一体昨日、何があったのかと、もしかして自分たちはとてつもない悪手を打とうとしているのではないかとさえ思える。
「ネー、間宮ー。そんなに隊長の事が心配なら、私たちに任せてくれればいいのデース! 間宮がここに居る間も、私たちに任せてくれれば問題ないのデース!」
「伊良湖ちゃんに任せてますから」
ここで変に応えると、ズルズルとなし崩しに入り込まれてしまう。
そう感じた間宮は一刀両断に切って捨てようとする。
「でも、伊良湖だけじゃ不安なんダヨネー。だから心配してるんデショー?」
「そ、それは……」
突き詰めて言えば、自分で様子を見られないので心配なのだが、流石にそこまではいえない。
だから答えあぐねる間宮。
「鹿島ー、これはもしかして……」
「金剛さん、付け入る隙ありでしょうか? 間宮さんー」
だが、それを金剛たちは勘違いしたようだ。
ここで踏み込んで、なし崩し的に自分たちも、と声を上げようとする。
しかしそこに伊良湖がやってきた。
「間宮さん、大神さんが眠られて熱も少し下がってきたようなので、お知らせに来ました。甘味処のほうは、お手伝いしなくても宜しいですか?」
「あら、伊良湖ちゃん、ありがとう。わざわざここまで来なくても電信でよかったのに」
伊良湖の言葉に、ホッと一安心する間宮。
「いえ、大神さんがぐっすり眠られているようなので、部屋でバタバタしていても起こしてしまうんじゃないかと思って……」
「そうね、寝かせてあげましょう。お昼になったら、昼食を作って様子を見に行こうかしら――」
「「じゃあ、そのとき私たちも一緒に!」」
間宮が行くのなら自分たちも。
そう声を上げる金剛たちだったが、今度は伊良湖が金剛たちの前に立ちはだかる。
「ダメですよ、金剛さん、鹿島さん。大神さんの睡眠の邪魔になっちゃいます。完全に熱が引くまでは自粛して下さい」
「「う、はーい……」」
珍しく強気な伊良湖に気圧され、金剛たちは引き下がった。
「伊良湖ちゃん? どうしたの?」
金剛たちを押し切るとは、控えめな伊良湖にしては珍しい。
そう思った間宮が伊良湖に尋ねる。
問われた伊良湖はかあっと顔を紅に染めた、大神の部屋での一件を思い出したようだ。
そして、伊良湖は答える、だって口止めされてないんだもの。
「だ、だって……伊良湖は大神さんのお母さん、いえ、ママなんです!!」
「「「は?」」」
その突拍子もない言葉に、甘味処に居た全ての艦娘が疑問の声を上げる。
「伊良湖ちゃん、大丈夫? 熱でもうつった? いえ……ないわね」
間宮が伊良湖の額に手を当てるが、熱はないようだ。
「間宮さん! 伊良湖、熱はありません! さっき、こういうことがあったんです!!」
頭がおかしくなったと勘違いされては、たまったものではない。
伊良湖は声を大にして、先程の大神の様子を詳細に克明に語る。
再度言うが、だって伊良湖は口止めされていないんだもの。
「「「な、なんだってー!?」」」
強く逞しく格好いい、いつもの大神からは想像もつかない、弱気な、少年っぽい、可愛らしい姿。

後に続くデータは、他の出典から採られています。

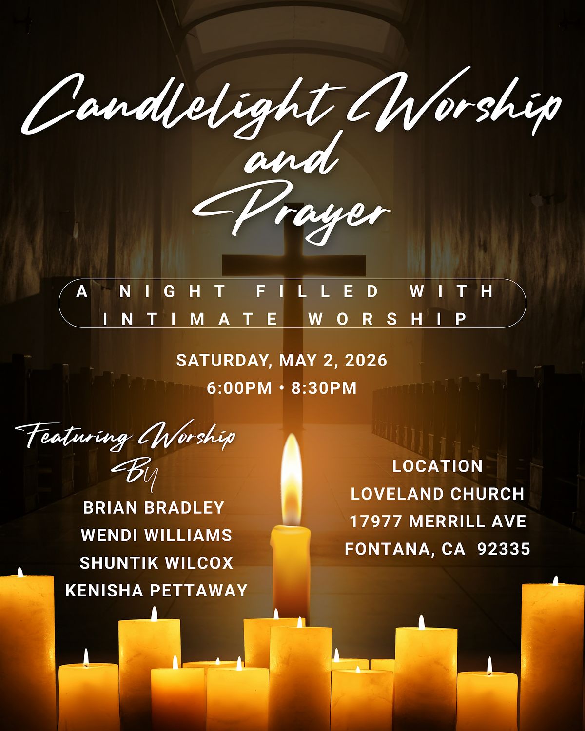 This special gathering will be filled with heartfelt worship, prayer, and moments of reflection surrounded by candlelight. Whether you are looking for encouragement, spiritual renewal, or simply a quiet place to connect with God, this night is for you.
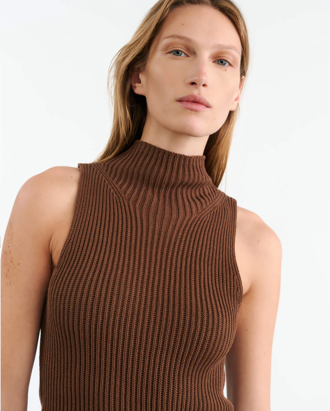 Luxurious sleeveless turtleneck sweater frmo Nili Lotan crafted from the finest Italian cotton. The ribbed texture adds a touch of sophistication, while the premium cotton provides exceptional comfort and breathability. Meticulously fully fashioned at the armhole and shoulder for a flawless fit and drape. A versatile piece perfect for layering or wearing on its own.
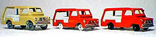 The Matchbox VW van (the 34A Volkswagen 15 cwt Van, left) is probably too wide to be accurate, while the Dublo (produced in '60-'64, rightmost in the right photo) is more true to the proportions of the real vehicle, which just goes to support that an exact scale model will not look right. If you ever looked down on an automobile from a tall building you will see a shape that is much longer than it is wide. We never see from that perspective because if we see the front & the side we are seeing a 3/4 view. So the art of the model maker is to distort the toy so it looks right to they eye. Exact proportions are no refuge.
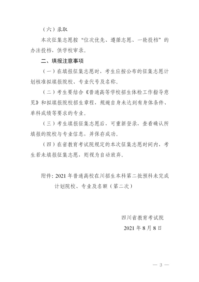 关于本科第二批预科未完成计划院校第二次征集志愿的通知
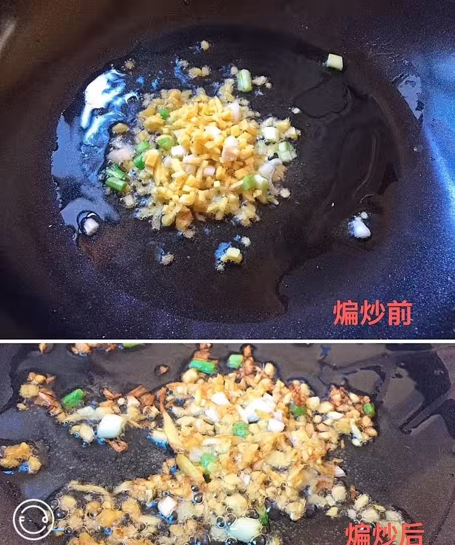 第三步:起鍋燒油,將薑末和蔥頭部分放入煸香,小火慢煎哦,煎至姜慢慢變成焦黃色即可。
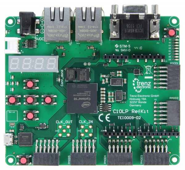 製品を改善しました。すべての変更は、製品変更通知(PCN)で確認できます。Cyclone 10 LPリファレンスキットは、55kLEのIntel Cyclone 10 LPと多くのアプリケーション向けの多種多様なインターフェースを備えた世界初の開発ボードです。このボードは完全に認定されており、最終製品にすぐに使用できます。また、要件に合わせてカスタマイズされたバリエーションで注文することもできます。
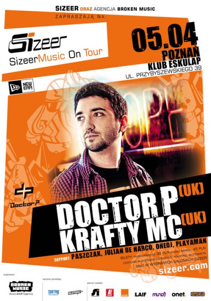 w weekendowe wieczory, gdy ulice i kluby zaczynają tętnić imprezowym pulsem. Występ Doctora P w towarzystwie mistrza mikrofonu, znanego jako Krafty MC w poznańskim Eskulapie, będzie pierwszą imprezą rozpoczynającą wiosenny cykl Sizeer Music On Tour. Kolejni artyści i przystanki klubowej trasy, to Dirtyphonics w Warszawie i Wrocławiu oraz Foreign Beggars w Krakowie i Berlinie.
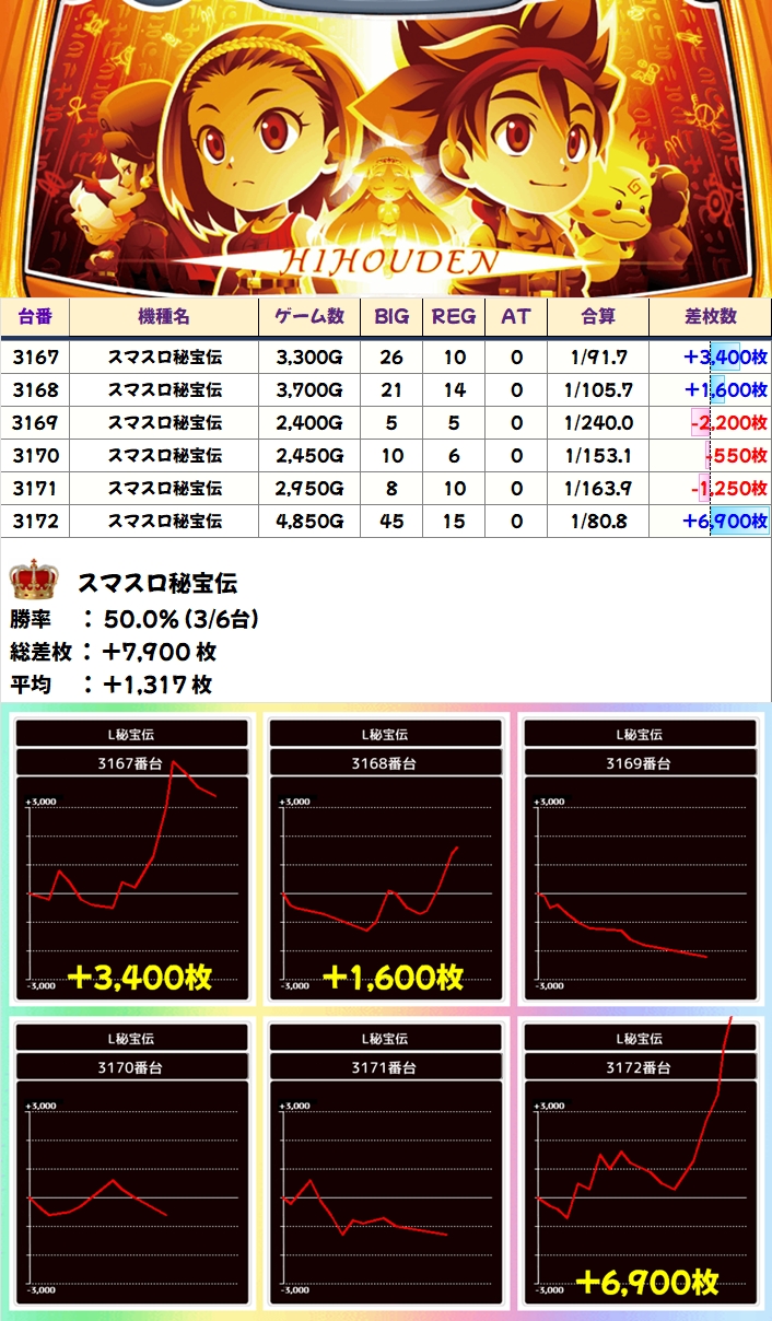 【1/2系濃厚】スマスロ秘宝伝(3/6台+)→平均+1,317枚
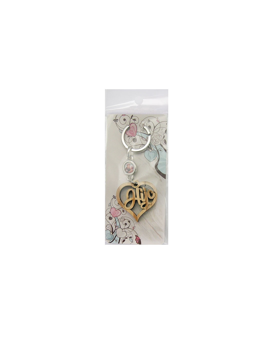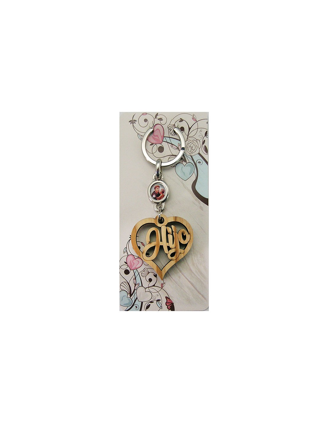 Llavero Madera Olivo Forma Corazon Hijo Con Foto Para Personalizar En Blister
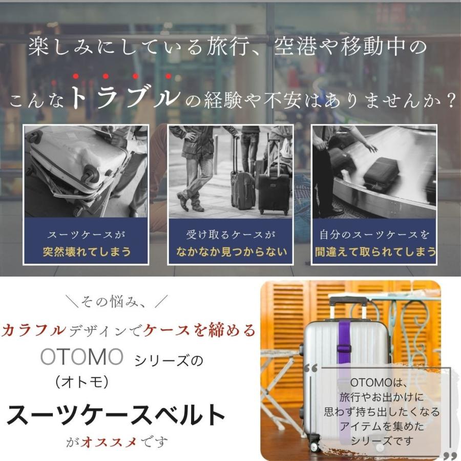 ・特徴:海外旅行でも安心な派手で目立つおしゃれなスーツケースベルト。耐久性の高いナイロン素材を幅5cmまで使用することで強度とすっきりとした見た目を実現させました。二重に巻いたり、十字にすることでスーツケースの開放防止をより強化することができます。カラフルな組み合わせでアレンジも可能なので、ターンテーブルで荷物の目印にもなる便利なスーツケースベルトです。
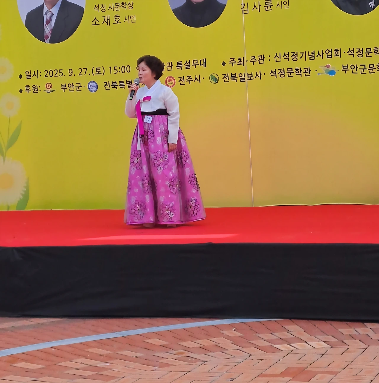 절뚝거리며 우리 은성이 시낭송대회를 데리고 나갔고(금상수상), 전북문인대동제 오프닝무대에서 시낭송을 해서 갈채를 받았다.
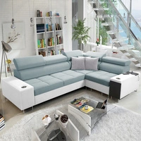 Luigi VI rohová pohovka s funkcí spaní modrá levá strana stylová rohová pohovka s kontejnery na lůžkoviny potažená měkkou látkou

だが、詳細に克明に身振り手振りまでして話す伊良湖の話は真に迫っており、疑う余地はない。
これ後で大神さんが聞いたら、物凄く恥ずかしがるんじゃないかと一部の艦娘は思ったが、やめてあげてとは誰も言わない、だってみんな聞きたいから。
あ、どこかのカメラマンと、同人作家が話を聞いてニヤリと笑った。
一方、大神との誰より付き合いが長く、誰より大神を詳しく知っていることを自負していた鹿島にとっては、自分の知らない大神の様子は痛恨の一撃だったようだ。
半泣きになりながら、伊良湖を問い詰めている。
「こうなったら、私も大神くんにママって呼んでもらうんです!!」
そして金剛は、
「うぇへへへ~。Hey! 隊長~、そんなに甘えるなんて可愛いデース! 私のこと、ママって呼んでもいいのデース!」
妄想たくましく、涎がたれかかっていた。
口止めしなかった大神のミスであるが、熱でうなされていた大神にそこまで求めるのは難しい。
しかし後日、この話は誰かによって全ての艦娘に広まり、大神をからかうネタとなった。
もっとも一部の艦娘には、大神が伊良湖に見せた少年のような可愛い様子は好評だったらしく、自分も是非見たい、自分にももっと甘えて欲しいとより積極的になるきっかけとなったようだが。
でも、大神としてはネタでも本気でも、見た目小学生の駆逐艦などに「私がママよ!」「ママって呼んでもいいのよ!」とか言われまくったら頭を抱えるしかない。
抱えるしかないのだが、それはまた別の話。
甘味処でそんなことが起きているとは露知らず、大神はすやすやと眠り続ける。
お昼時と3時くらいに間宮たちは様子を見に行ったが、寝ている大神を起こすのも悪いと部屋を後にする。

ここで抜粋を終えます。